Bitcoin (BTC) prices could drop by 20% in the next few months, but that has not deterred its richest investors from stacking.
The amount of Bitcoin held by "unique entities" with a balance of at least 1,000 BTC, or so-called "whales," has increased to its best levels since September 2021, data on Glassnode shows.
Interestingly, the number in the past week grew despite Bitcoin's price decline from $43,000 to around $38,000.
Marcus Sotiriou, an analyst at GlobalBlock, a U.K.-based digital asset broker, considered the latest spike in Bitcoin whale holdings as a bullish indicator, recalling a similar move in September 2021 that preceded a BTC price rally to $69,000 all-time highs in November 2021.
"As whales have a substantial impact on the market, this metric is an important one to take note of," he said.
Bitcoin risks further declines
Bitcoin's price has fallen from $69,000 in November last year to almost $40,000 in late April 2022, driven lower primarily due to Federal Reserve's decision to aggressively hike interest rates and unwind its quantitative easing program to tame inflation.
Interestingly, Bitcoin's fall has mirrored similar downside moves in the U.S. equity market, with its correlation with the tech-heavy Nasdaq Composite reaching 0.99 in mid-April. An efficiency reading of 1 shows that the two assets have been moving in perfect tandem.
"You should think about this high correlation as a gravitational field pulling on Bitcoin’s price," says Nick, analyst at data resource Ecoinometrics. He adds:
"If the Fed nukes the stock market into a black hole, don’t expect Bitcoin to escape a major crash."

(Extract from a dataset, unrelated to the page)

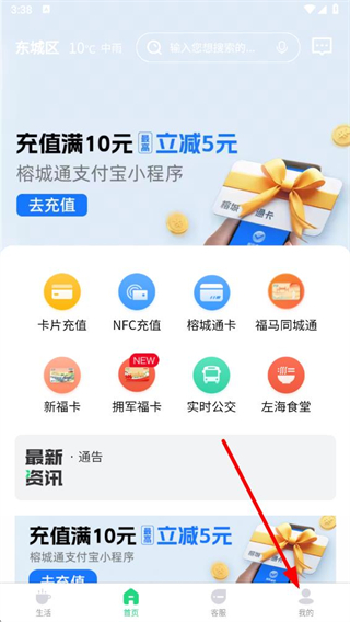 1、打开榕城通app,点击底部导航栏中的我的选项,进入个人相关页面。

Technicals agree with depressive fundamental indicators. Notably, Bitcoin has been breaking down from a "bear flag" pattern and risks undergoing further price declines in the coming months, as illustrated in the chart below.
The bear flag's downside target sits below $33,000.

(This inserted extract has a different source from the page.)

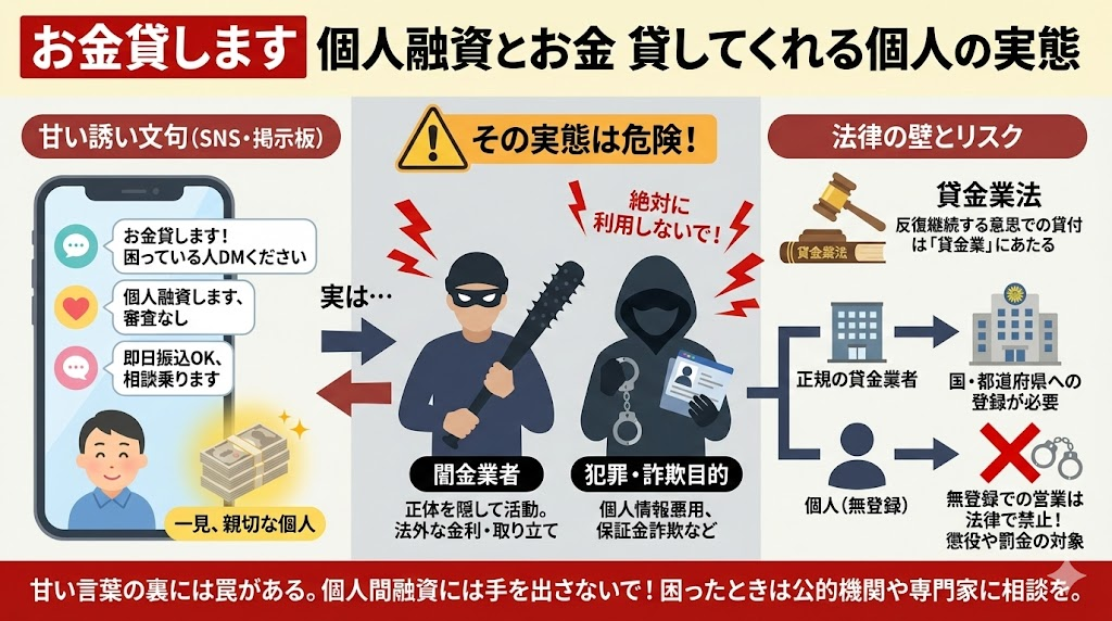 これらは一見、親切な個人がお金を貸してくれるように見えますが、その多くは闇金業者が正体を隠して活動しているか、別の犯罪を目的とした詐欺です。

Meanwhile, Brett Sifling, an investment advisor for Gerber Kawasaki Wealth & Investment Management, says that a break below $30,000 would open the door for a crash to as low as $20,000.
All eyes on the Fed
Sotiriou remains long-term bullish on Bitcoin, noting that the contraction in the U.S. gross domestic product (GDP) by 1.4% in Q1/2022 may prompt the Fed to become less hawkish to avoid a recession.

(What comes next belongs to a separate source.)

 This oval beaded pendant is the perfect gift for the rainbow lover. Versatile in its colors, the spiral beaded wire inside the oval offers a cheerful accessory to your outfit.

"As long as we see these macro headwinds persist, I think the correlation to the Nasdaq will continue," the analyst told Cointelegraph.
"However, the longer this consolidation continues, the bigger the expansion will be when the Fed reverses course from hawkish to dovish."
Bitcoin's "asymmetric returns" potential
Meanwhile, Nick believes that Bitcoin will recover faster than U.S. equities after the next large market drop.
The analyst explained by pitting the size and duration of BTC's drawdowns — a correction period between two consecutive all-time highs — against tech stocks, including Netflix, Meta, Apple and others.
Notably, Bitcoin recovered faster than the given U.S. equities every time.
"Bitcoin doesn’t look much different than your typical stock investment. So don’t worry too much about volatility and focus instead on long-term growth potential. Those betting on asymmetric returns shall be rewarded in time."